I always chose to work the night shift, from around 5:30 until closing at 12:00. I am a night person and don't become fully awake until mid afternoon. The store was right smack in the middle of a very affluent subdivision. Most of our customers were people who lived in the neighborhood, people we knew and had developed casual friendships with. Therefore, I felt no particular apprehension when, one night around 11:00, in anticipation of closing at 12:00, I began to load the walk-in cooler with beer and soft drinks. It's a chilly task and took usually 25 to 30 minutes after a busy night to complete. We had a beeper attached to the door, which made a loud noise every time the door opened. When I heard it go off around 11:15, I started toward the front of the store to wait on my customer.
Just thinking about it now still makes the hair stand up on my arms and my throat begin to close. As I walked out of the walk-in cooler, standing halfway between me and the cash register was a very tall man with a stocking over his head and a very large gun in his hand. "Get to the front and give me the money. The quicker you get up here and do it, the better for you." During those steps up to the register I was thinking: Well, he's probably going to let me live because he has the stocking over his head and knows I can't identify him. If he tries to make me go in the back -- where he might shoot me -- I'm going to sit down in the floor and not move. Is my life insurance policy paid up? Did I put out money for the kids' lunches? Why was the last thing I said to my husband that he's a pain in my ass?
They say your life passes before your eyes when you are threatened with death. That is not what happened to me. I was very much in the here and now and thinking about very practical things and hoping each had been handled. I remember thinking that I didn't want to die because I wanted to see my children finish college. Then I was at the register. "Take all the money out and put it on the counter." This is the point where I always thought I would be Annie Oakley and reach for the .38 we kept behind the counter. Let me say that that is the last thing in the world I thought of. All I wanted was to get out of this alive, period.

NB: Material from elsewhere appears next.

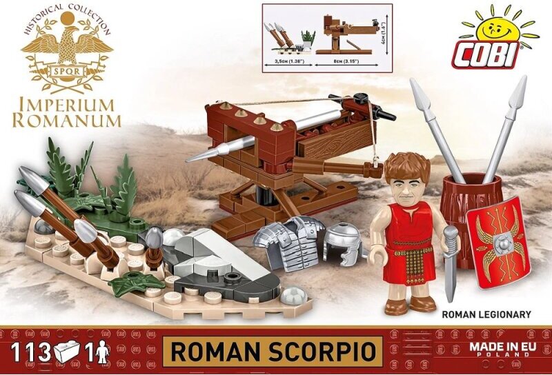 Vstúpte do sveta starodávnych šarvátok, kde každý výstrel mohol rozhodnúť o osude kampane. Sada Rímsky škorpión zo série IMPERIUM ROMANUM od COBI je dokonale reprodukovaný presne navádzaný stroj, pripravený bojovať proti nepriateľom Ríma.

I began putting the money on the counter with shaking hands. "Don't throw the money up there; put it up there nice and neat. And stop shaking!" Well, naturally, this made me shake even more. Actually, I wasn't exactly certain who was shaking more, the robber or me. And that was my biggest concern. The masked man's hand was shaking so hard that the gun was moving all over the place. My biggest fear through the whole ordeal was that he would shoot me accidentally. I only had around $100 in the drawer, but a lot of it was in small bills; and it looked like more. I knew that this was an inexperienced robber because he never asked for the rest of the money. I had around $300 in a bank pouch on the floor. If he had asked for it, would I have given it to him? Oh, Lord, yes, every penny.
My plan, if he wasn't satisfied with the extra money, was to offer him the Jack Daniels, all the cigarettes he could carry and the bottle of very expensive scotch my husband kept to make himself a drink when he turned things over to me at 5:30. Wonder of wonders, he didn't even ask for more money. He scooped up what I had put on the counter from the register, shoved it in his pocket and headed toward the door. As he reached the door and opened it, he turned back to me and said: You're safe now.

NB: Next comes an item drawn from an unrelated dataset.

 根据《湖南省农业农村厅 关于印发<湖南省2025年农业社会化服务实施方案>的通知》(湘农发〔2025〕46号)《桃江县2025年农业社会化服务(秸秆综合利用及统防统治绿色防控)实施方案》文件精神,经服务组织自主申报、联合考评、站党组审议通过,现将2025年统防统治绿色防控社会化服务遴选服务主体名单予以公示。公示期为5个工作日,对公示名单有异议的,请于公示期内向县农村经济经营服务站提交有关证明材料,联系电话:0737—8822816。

This is where my husband and a lot of his friends said they would have taken the .38 and blown him away. And maybe they would have. I know it never crossed my mind. It's easy to talk about what you'll do, but when you're looking down the barrel of a gun held by a hand that's shaking as though the person has palsy of some kind, you might not be quite so brave. I won't say that I wasn't afraid during the time he held that gun on me. I'm sure I was, but mostly, I was pumped, hyper, thinking as fast as I could, and determined to leave that store alive. I felt like trying to shoot him reduced my chances of living. I didn't push the alarm button because I thought he would likely shoot me if he heard the police sirens when the cops responded. I don't know if I did everything right or wrong, but I know that I was 29 when what the robbery happened and I'm 66 now. So as they say on the TV show: I Survived.

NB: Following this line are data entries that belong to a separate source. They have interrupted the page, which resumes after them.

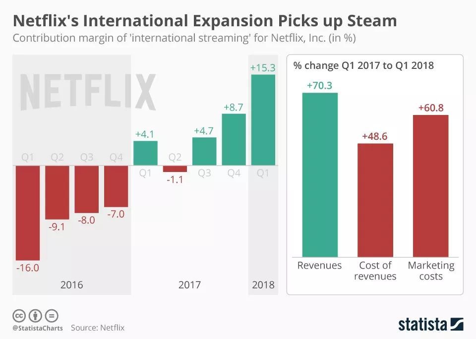 同比2017Q1,2018Q1Netflix在利润上增长了70.3%
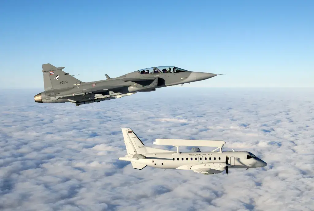 Истребитель Gripen D Королевских ВВС Таиланда и радиолокационный самолёт Saab 340 Erieye.
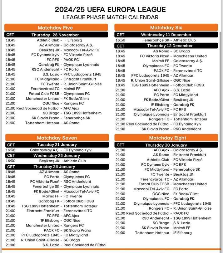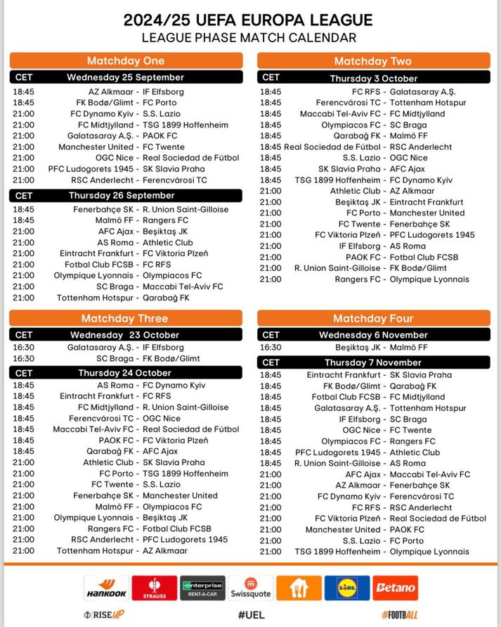 UEFA Avrupa Ligi'nde maç programı belli oldu. Temsilcilerimizden Beşiktaş ilk maçını deplasmanda Ajax ile oynayacak. Fenerbahçe evinde Union SG maçıyla, Galatasaray ise sahasında PAOK karşılaşmasıyla sezonu açacak.

The thing that has haunted me about that experience for years happened after it was all over. As soon as he was out of sight, I called the police. As I sat on the cashier stool, waiting for them, I was overtaken by the most wonderful feeling of love. It was as though a presence was all around me and was telling me I would always be safe. I have never felt more at peace than I was at that moment on that night so many years ago. That deep loving peaceful feeling, unlike anything I've ever felt since, lasted until I got home and went to bed. I felt it fading as I went to sleep that night. I have told this particular part of the robbery story to people I felt comfortable with, people I felt would understand.
Peace that Passes Understanding
Everyone has different ideas about what that feeling I experienced might have been. My husband, always the practical one says: You were just relieved he didn't shoot your ass. A dear friend says: That was your guardian angel, telling you that you were safe. A person in a group I belong to says: You had a near-death experience and felt the love from the other side. The consensus is that it was something more than just relief to be alive, that it was a spiritual moment of some sort. Eckart Tolle, in one of his books, talks about how sometimes we are so frightened that we can't think at all and that during that silencing of the chatter in our minds, Spirit fills the void with love.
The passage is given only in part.